Halve the avocados, remove the seeds, scoop out the flesh and put it in the food processor. Add cocoa powder, espresso powder, honey, coconut milk, vanilla extract and sea salt to the food processor and blend until smooth. Finally, stir in the raw cacao nibs. Divide the mixture into bowls and cover with cling film. Ask thatKeto Dessertin the fridge for 30 minutes. Serve garnished with a little sea salt and more cocoa nibs if desired.

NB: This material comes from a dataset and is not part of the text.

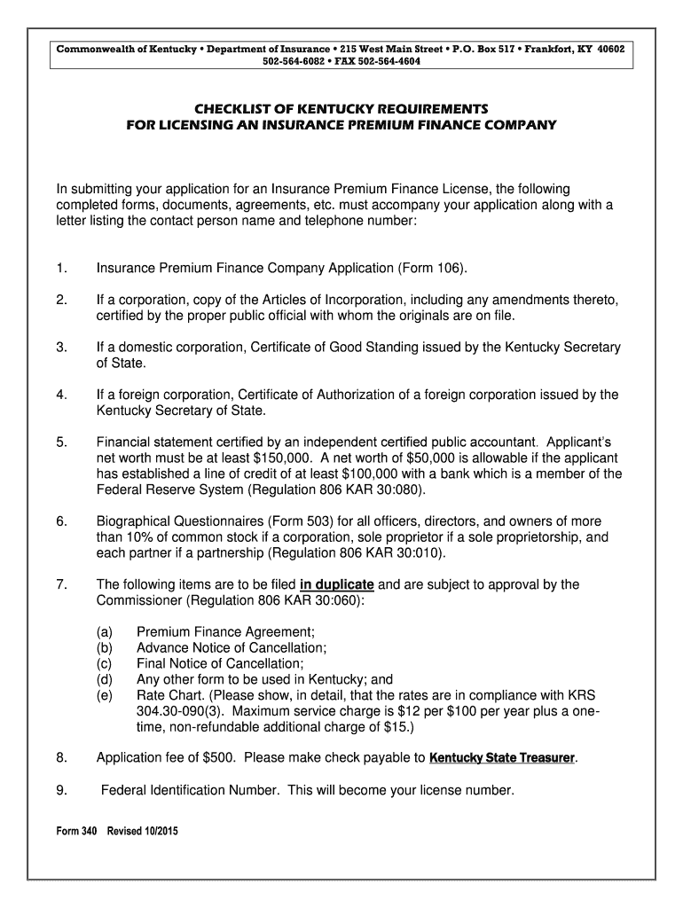 Commonwealth of Kentucky Department of Insurance 215 West Main Street P.O. Box 517 Frankfort, KY 40602 5025646082 FAX 5025644604CHECKLIST OF KENTUCKY REQUIREMENTS FOR LICENSING AN INSURANCE PREMIUM

Keto coconut cookie without the back

If you like the special smell of coconut, then the following keto coconut cookies recipe will suit your taste. This snack is made with no sugar, just 3 ingredients and takes less than 15 minutes.

Ingredients:

225 g Coconut flock
200g coconut oil, melted
150 g maple syrup

Line a baking tray with baking paper and set aside. Mix all ingredients in a mixing bowl. With wet hands, form small balls out of the dough and place them next to each other with a little space between them. Flatten them slightly with a fork and let the cookies solidify in the refrigerator.